__ACTIVITY__:
Set down each record exactly as written.

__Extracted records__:
- - -

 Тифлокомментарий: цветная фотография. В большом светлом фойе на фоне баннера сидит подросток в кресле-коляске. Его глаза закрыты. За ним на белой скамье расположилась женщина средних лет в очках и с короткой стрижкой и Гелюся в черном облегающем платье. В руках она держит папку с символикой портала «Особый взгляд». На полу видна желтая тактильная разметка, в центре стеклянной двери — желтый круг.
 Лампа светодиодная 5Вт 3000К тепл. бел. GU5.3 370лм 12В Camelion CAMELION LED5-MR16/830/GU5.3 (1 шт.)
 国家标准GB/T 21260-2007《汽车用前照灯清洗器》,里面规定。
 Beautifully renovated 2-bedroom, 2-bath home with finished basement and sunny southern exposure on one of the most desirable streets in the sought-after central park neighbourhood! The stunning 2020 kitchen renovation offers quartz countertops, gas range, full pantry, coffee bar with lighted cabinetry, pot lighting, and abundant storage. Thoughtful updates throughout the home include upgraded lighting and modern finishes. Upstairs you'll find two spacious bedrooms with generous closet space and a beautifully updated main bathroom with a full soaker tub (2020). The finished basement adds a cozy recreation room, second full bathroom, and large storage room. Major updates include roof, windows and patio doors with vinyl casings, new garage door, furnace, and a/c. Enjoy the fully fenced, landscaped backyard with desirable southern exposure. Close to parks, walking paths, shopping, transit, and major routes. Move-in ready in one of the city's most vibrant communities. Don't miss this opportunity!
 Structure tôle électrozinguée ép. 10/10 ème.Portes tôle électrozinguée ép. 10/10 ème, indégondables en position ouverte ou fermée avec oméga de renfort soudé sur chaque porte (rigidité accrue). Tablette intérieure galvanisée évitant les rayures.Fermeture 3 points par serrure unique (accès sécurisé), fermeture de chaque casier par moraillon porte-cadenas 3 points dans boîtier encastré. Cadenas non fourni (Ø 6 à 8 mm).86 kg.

- - -

__ANSWER TO THIS EXERCISE__:
 Тифлокомментарий: цветная фотография. В большом светлом фойе на фоне баннера сидит подросток в кресле-коляске. Его глаза закрыты. За ним на белой скамье расположилась женщина средних лет в очках и с короткой стрижкой и Гелюся в черном облегающем платье. В руках она держит папку с символикой портала «Особый взгляд». На полу видна желтая тактильная разметка, в центре стеклянной двери — желтый круг.
 Лампа светодиодная 5Вт 3000К тепл. бел. GU5.3 370лм 12В Camelion CAMELION LED5-MR16/830/GU5.3 (1 шт.)
 国家标准GB/T 21260-2007《汽车用前照灯清洗器》,里面规定。
 Beautifully renovated 2-bedroom, 2-bath home with finished basement and sunny southern exposure on one of the most desirable streets in the sought-after central park neighbourhood! The stunning 2020 kitchen renovation offers quartz countertops, gas range, full pantry, coffee bar with lighted cabinetry, pot lighting, and abundant storage. Thoughtful updates throughout the home include upgraded lighting and modern finishes. Upstairs you'll find two spacious bedrooms with generous closet space and a beautifully updated main bathroom with a full soaker tub (2020). The finished basement adds a cozy recreation room, second full bathroom, and large storage room. Major updates include roof, windows and patio doors with vinyl casings, new garage door, furnace, and a/c. Enjoy the fully fenced, landscaped backyard with desirable southern exposure. Close to parks, walking paths, shopping, transit, and major routes. Move-in ready in one of the city's most vibrant communities. Don't miss this opportunity!
 Structure tôle électrozinguée ép. 10/10 ème.Portes tôle électrozinguée ép. 10/10 ème, indégondables en position ouverte ou fermée avec oméga de renfort soudé sur chaque porte (rigidité accrue). Tablette intérieure galvanisée évitant les rayures.Fermeture 3 points par serrure unique (accès sécurisé), fermeture de chaque casier par moraillon porte-cadenas 3 points dans boîtier encastré. Cadenas non fourni (Ø 6 à 8 mm).86 kg.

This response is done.